Reconstruída a Colônia, recomeçou também a deser­ção dos portugueses, que em grande número bus­cavam a vida mais larga e fácil que lhes ofereciam as povoações platinas. Governava a Colônia desde 1722, o célebre Antônio Pedro de Vasconcelos, gran­de chefe militar que obrigava todos os moradores da Praça, e, em particular, os soldados a uma disciplina severa. As deserções eram frequentes. E em todas as classes. Não só os Soldados, mas alguns oficiais e até funcionários superiores se aproveitavam de qualquer ensejo para se evadirem.

Mais que ninguém, os soldados-vaqueiros eram favorecidos nesse desígnio, pelas circunstâncias. Os portugueses caçavam as vacas a cavalo e a tiro. Armados de espingarda, e cinturão abastecido, os que saíam da Praça a vaquear, e se afastavam nas suas correrias atrás das distantes manadas que vagueavam longe da Colônia, eram irresistivelmente solicitados a abandonar a tropa a que pertenciam, para se incorporarem aos vaqueiros espanhóis que vagabundeavam nas campanhas e partilhar da sua vida solta. Quando teriam começado os desertores portugueses a associar-se aos foragidos espanhóis que erravam nas campanhas?

Já aqui citamos uma carta do Governador do Rio de Janeiro, Luís Vahia Monteiro, na qual, em agosto de 1728, se referia ao fato de que nas campanhas entre a Colônia e o Rio Grande “andavam já coisa de trinta portugueses e sessenta castelhanos” e destes últi­mos dizia que eram gente criminosa em Buenos Aires e bandoleiros. ([2]) Lembremo-nos que para a Colô­nia se enviavam degredados e que estes não seriam, por via da regra, os últimos a desertar, atraídos pela vida daqueles bandoleiros.

Mais tarde o Padre Diogo Soares, que estava na Colônia havia um ano, escrevendo ao Rei em junho de 1731, referia-se também e por mais que uma vez aos desertores que abandonavam aquela Praça.

Depois de afirmar a necessidade de fortificar o Rio Grande, comentava:

Verdade é que não serão poucos os desertores, não obstante ter-me mostrado a experiência que estes buscam antes a guarda do [Rio] de São João que o Rio Grande...

A opção equivalia neste caso à da vida sedentária e mais ou menos tranquila das povoações espanholas, que lhes permitia a incorporação à sociedade das Províncias Platinas, representada pela guarda do Rio São João, em vez da vida nômade e insegura das campanhas do Rio Grande, pois ai não havia por então qualquer estabelecimento fixo. Mas que alguns desertores se escapavam nessa direção e para correr os riscos daquela vida aventurosa, se conclui da sequência da carta do Padre Diogo Soares:

Também não nego que pode haver alguns furtos nas cavalhadas e gados desta Colônia, mas creio que perto de 20.000 reses que faltaram nas de V. Majestade pou­co antes que eu aqui chegasse, não foram os deser­tores do Rio Grande os que se aproveitaram delas. ([3])

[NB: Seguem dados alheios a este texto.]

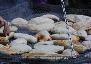 5. Falten und mit der Gabel den Rand andrücken6. Auf der Glut langsam (nicht zu heiss) ausbacken.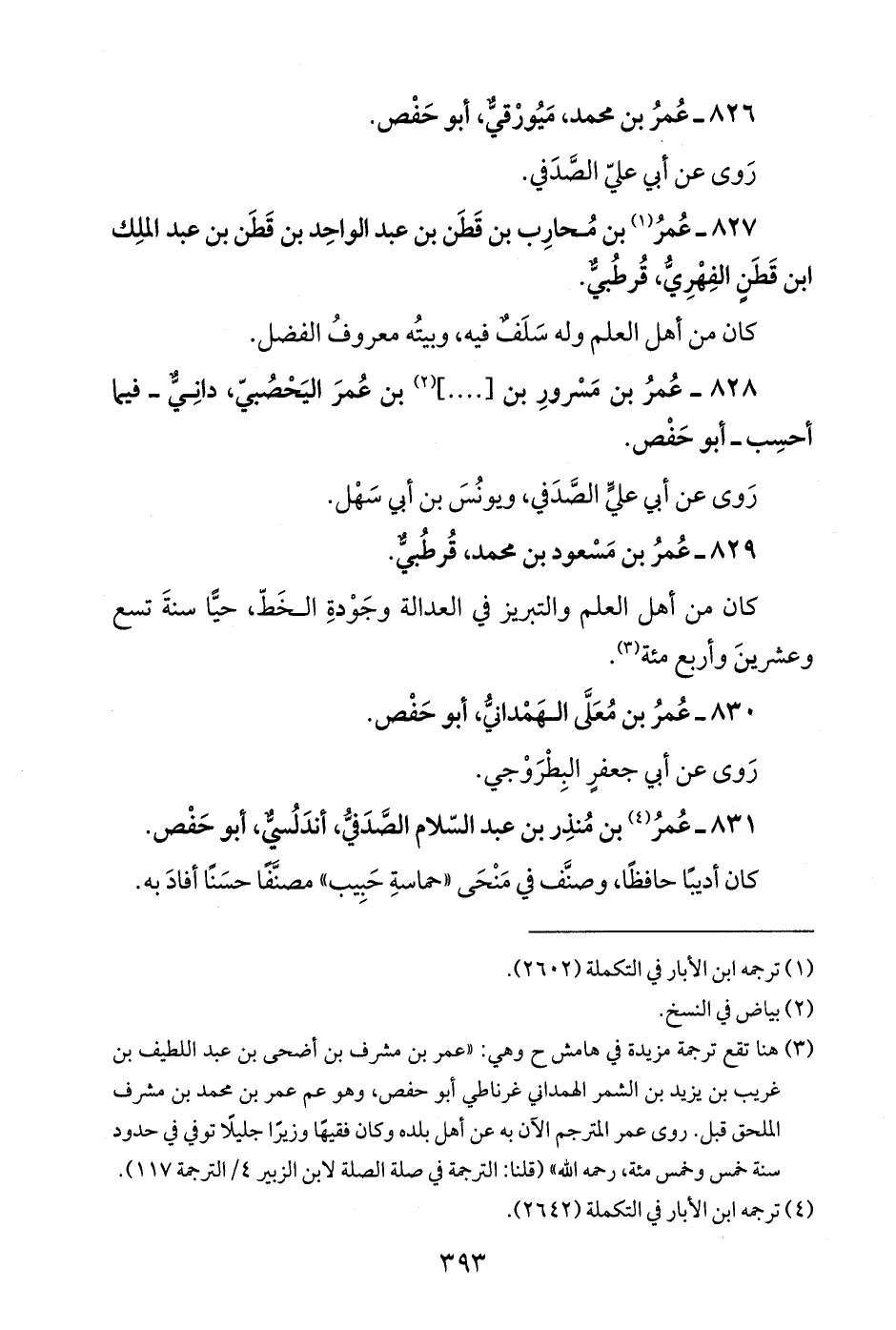 831 - عُمرُ (¬4) بن مُنذِر بن عبد السّلام الصَّدَفيُّ، أندَلُسيٌّ، أبو حَفْص.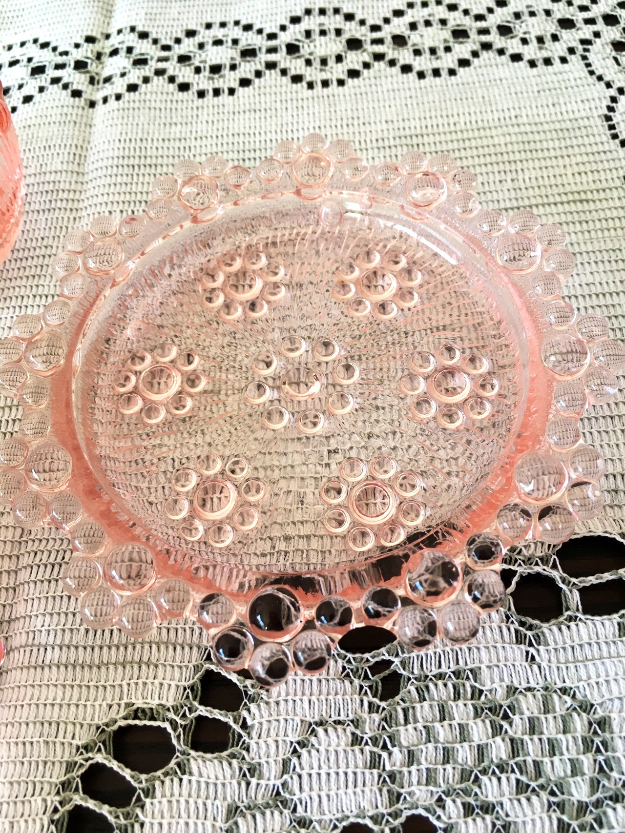 アデリアの人気シリーズ、ピコットのピンク色の小皿です。画像3枚目のようにコースターとしても使用できます。大きさは、直径11㎝位です。つぶつぶの縁とピンク色が可愛らしいお品です。在庫2個になります。1個のお値段です。

Quer dizer, a construção da fortaleza e a fundação do presídio do Rio Grande provocariam imediata­mente as deserções entre os soldados da sua guar­nição: e os desertores haviam de entregar-se pela fatalidade do meio geográfico e social que os recebia às práticas ilícitas dos gaudérios, aumentando assim os furtos dos cavalos e gados da Colônia.

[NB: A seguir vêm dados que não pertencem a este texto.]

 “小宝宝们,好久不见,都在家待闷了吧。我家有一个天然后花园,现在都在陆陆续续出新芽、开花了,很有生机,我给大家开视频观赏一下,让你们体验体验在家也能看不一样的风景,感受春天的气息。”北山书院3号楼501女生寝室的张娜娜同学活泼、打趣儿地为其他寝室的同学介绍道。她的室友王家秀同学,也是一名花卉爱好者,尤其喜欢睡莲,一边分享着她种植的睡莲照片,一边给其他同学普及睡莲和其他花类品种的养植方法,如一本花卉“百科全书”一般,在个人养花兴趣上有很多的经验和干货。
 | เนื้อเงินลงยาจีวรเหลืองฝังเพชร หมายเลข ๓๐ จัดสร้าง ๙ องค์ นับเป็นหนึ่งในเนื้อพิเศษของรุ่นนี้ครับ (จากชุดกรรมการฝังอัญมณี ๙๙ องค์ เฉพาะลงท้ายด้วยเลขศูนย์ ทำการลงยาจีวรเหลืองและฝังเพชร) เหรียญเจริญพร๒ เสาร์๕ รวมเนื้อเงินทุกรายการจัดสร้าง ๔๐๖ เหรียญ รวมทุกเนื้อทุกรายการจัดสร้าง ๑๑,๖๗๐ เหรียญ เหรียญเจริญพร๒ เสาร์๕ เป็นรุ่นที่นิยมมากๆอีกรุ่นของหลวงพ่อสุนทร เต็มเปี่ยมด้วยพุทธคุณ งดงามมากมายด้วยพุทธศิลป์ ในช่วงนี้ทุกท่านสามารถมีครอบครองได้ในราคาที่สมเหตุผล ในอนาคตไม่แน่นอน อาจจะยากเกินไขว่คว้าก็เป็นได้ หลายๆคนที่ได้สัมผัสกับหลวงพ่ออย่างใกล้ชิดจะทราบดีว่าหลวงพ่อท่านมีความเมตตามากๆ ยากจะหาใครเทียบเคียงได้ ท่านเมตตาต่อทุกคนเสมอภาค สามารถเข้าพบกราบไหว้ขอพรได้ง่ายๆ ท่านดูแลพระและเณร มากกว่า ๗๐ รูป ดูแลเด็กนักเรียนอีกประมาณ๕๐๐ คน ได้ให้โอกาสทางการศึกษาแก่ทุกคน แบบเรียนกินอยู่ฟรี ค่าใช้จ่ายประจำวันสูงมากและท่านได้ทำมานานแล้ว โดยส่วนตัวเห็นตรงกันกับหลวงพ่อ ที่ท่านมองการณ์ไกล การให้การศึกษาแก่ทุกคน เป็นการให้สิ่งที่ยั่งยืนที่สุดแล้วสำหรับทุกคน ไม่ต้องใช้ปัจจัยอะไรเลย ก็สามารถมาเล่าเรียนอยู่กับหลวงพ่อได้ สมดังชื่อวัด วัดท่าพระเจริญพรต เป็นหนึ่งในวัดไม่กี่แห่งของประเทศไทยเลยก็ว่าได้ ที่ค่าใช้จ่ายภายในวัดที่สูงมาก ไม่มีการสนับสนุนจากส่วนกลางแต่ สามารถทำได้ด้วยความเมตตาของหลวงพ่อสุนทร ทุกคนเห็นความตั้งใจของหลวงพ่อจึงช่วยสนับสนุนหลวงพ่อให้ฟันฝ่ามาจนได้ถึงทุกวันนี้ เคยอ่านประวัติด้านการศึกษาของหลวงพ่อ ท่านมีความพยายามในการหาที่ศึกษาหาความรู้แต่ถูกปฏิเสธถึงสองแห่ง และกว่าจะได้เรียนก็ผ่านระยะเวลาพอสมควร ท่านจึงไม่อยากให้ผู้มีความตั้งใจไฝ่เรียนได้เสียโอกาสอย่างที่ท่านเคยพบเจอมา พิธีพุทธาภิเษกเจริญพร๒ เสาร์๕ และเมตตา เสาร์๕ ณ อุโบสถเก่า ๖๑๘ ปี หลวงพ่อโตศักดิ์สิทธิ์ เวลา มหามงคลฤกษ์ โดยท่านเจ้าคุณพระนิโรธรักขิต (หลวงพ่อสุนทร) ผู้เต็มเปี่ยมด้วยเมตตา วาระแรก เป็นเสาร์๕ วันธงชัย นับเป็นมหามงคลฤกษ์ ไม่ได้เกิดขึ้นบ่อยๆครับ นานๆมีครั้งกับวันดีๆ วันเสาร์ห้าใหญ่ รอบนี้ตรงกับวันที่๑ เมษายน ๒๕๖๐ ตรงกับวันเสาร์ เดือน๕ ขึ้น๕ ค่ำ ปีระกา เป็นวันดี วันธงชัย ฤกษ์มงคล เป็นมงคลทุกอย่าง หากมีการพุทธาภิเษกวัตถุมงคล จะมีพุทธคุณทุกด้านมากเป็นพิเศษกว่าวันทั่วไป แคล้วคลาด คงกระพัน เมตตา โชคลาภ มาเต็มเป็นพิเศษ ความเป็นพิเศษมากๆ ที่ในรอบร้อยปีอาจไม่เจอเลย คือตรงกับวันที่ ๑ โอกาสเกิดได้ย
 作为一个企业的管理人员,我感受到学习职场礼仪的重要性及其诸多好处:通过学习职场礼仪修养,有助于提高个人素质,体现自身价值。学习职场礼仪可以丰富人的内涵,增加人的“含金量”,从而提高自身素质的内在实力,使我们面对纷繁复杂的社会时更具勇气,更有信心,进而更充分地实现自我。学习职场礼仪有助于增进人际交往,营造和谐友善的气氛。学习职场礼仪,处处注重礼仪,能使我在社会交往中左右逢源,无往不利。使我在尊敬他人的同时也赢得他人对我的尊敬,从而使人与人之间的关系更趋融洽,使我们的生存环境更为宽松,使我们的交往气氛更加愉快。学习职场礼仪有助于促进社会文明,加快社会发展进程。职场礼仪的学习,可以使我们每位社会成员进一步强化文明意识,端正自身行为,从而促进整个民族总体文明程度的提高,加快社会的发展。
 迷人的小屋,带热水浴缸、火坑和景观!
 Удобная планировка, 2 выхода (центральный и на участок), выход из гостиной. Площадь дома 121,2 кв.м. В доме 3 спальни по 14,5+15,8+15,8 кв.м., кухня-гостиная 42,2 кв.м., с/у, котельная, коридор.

Avaliava o Governador do Rio de Janeiro, Luis Vahia Monteiro, no ano de 1728, por informações diretas ali colhidas, em sessenta espanhóis e trinta portu­gueses, os “bandoleiros”, que vagueavam nas cam­panhas do Rio Grande, “até ao cerro de São Miguel e Rio de Martim Afonso”. Em que proporção teria crescido nos anos seguintes esta população? Nem os documentos o registram, nem seria fácil calculá-los. Também os documentos espanhóis, por nós consul­tados, não esclarecem esta dúvida. Um dado possuímos, todavia, para avaliarmos quanto era grande o número dos desertores da Colônia.

Em carta de 12.09.1695, o Procurador das Províncias do Prata, Gabriel de Aldonate y Rada, em petição dirigida ao Rei, informava, com alarma, que desde 1682 até àquela data haviam passado às Províncias e cidades platinas e peruanas, mais de 300 portugueses evadidos daquela Praça. O Procurador, após denunciar os perigos desta afluência de portugueses, pedia ao Rei que tomasse as devidas providências para que fossem todos recolhidos à cidade do Esteco. ([4])

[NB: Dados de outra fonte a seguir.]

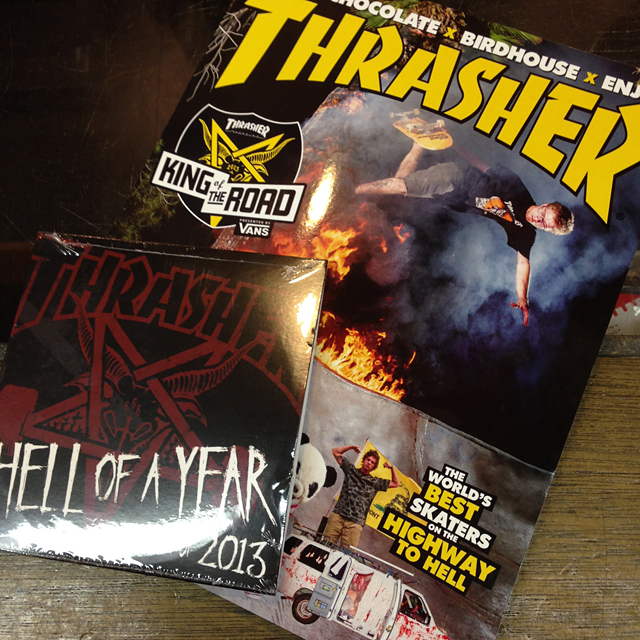 そしてこちらは最新号のTHRASHER。インスタなどでピックしましたが、この付録のDVDがまたすごいことすごいこと。2013の総集編って感じのEDITで、ヤバイパート集みたいな感じでEMERICAのWESTGATEのパートが丸々収録されてます。続いてBEN REYBONEのNHSのパートかな?ま、続々と続く激アツパートが終わると2013のTHRASHERのwebで特集されたツアーや企画が続々と。volcomのHAWAIIツアーやFOURSTARのishotのパートとか、DOUBLE ROCKとかがランダムに続々と見れるのです。これ激アツ。DVDとして立派に販売できる内容です。しかも驚くのがこちらのDVDが一緒になって630円。初回入荷分は速攻で売り切れて、本日、吉祥寺ストア、浦安ストアに再入荷しております。おはやめに。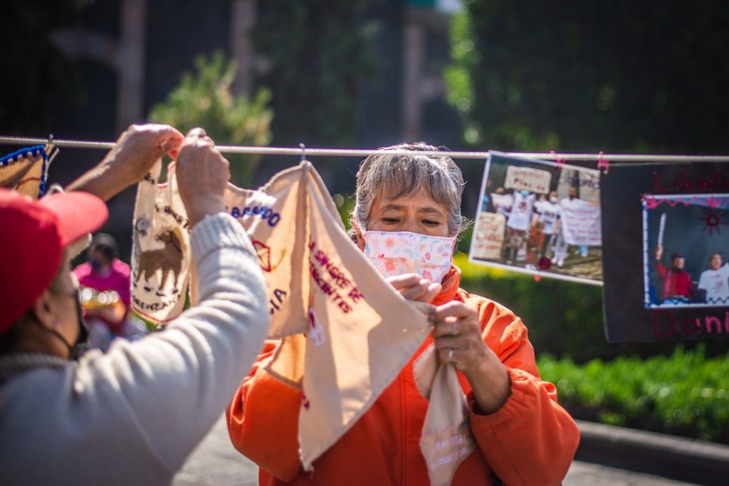 Cada bordado muestra las acciones que han realizado las familias para exigir la liberación de sus injustamente presos / FOTO: Victor Castillo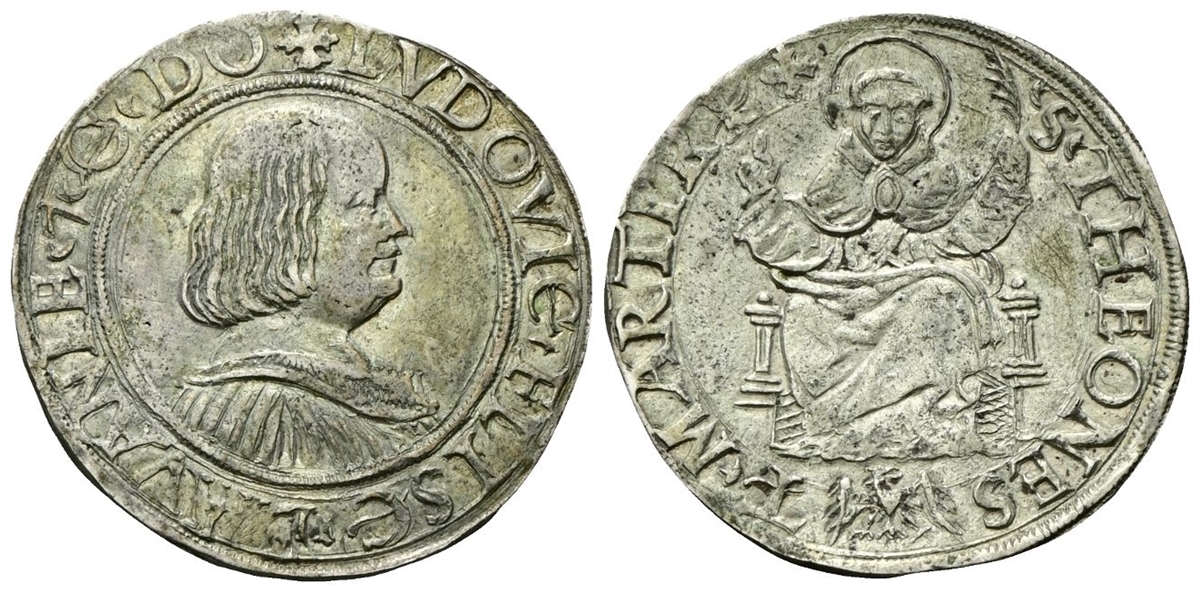 Dr. + LVDOVIC▾FLISC▾LAVANIE▾7▾C▾DO. Busto a d. Rv. ▾S▾ THEONES - T ▾MARTIRI+. San Teonesto seduto su trono regge un ramo di palma; in esergo, un’aquiletta.

Se entre 1682 e 1695, durante um período de treze anos e quando a Colônia iniciava, com escassos recursos e povoadores a sua carreira, foram tão numerosos os desertores, pode calcular-se como teriam aumentado, desde 1716, quando a população crescera rapidamente e mais que tudo aumentara a guarnição com tropas estranhas ao núcleo e ao meio dos casais transmontanos.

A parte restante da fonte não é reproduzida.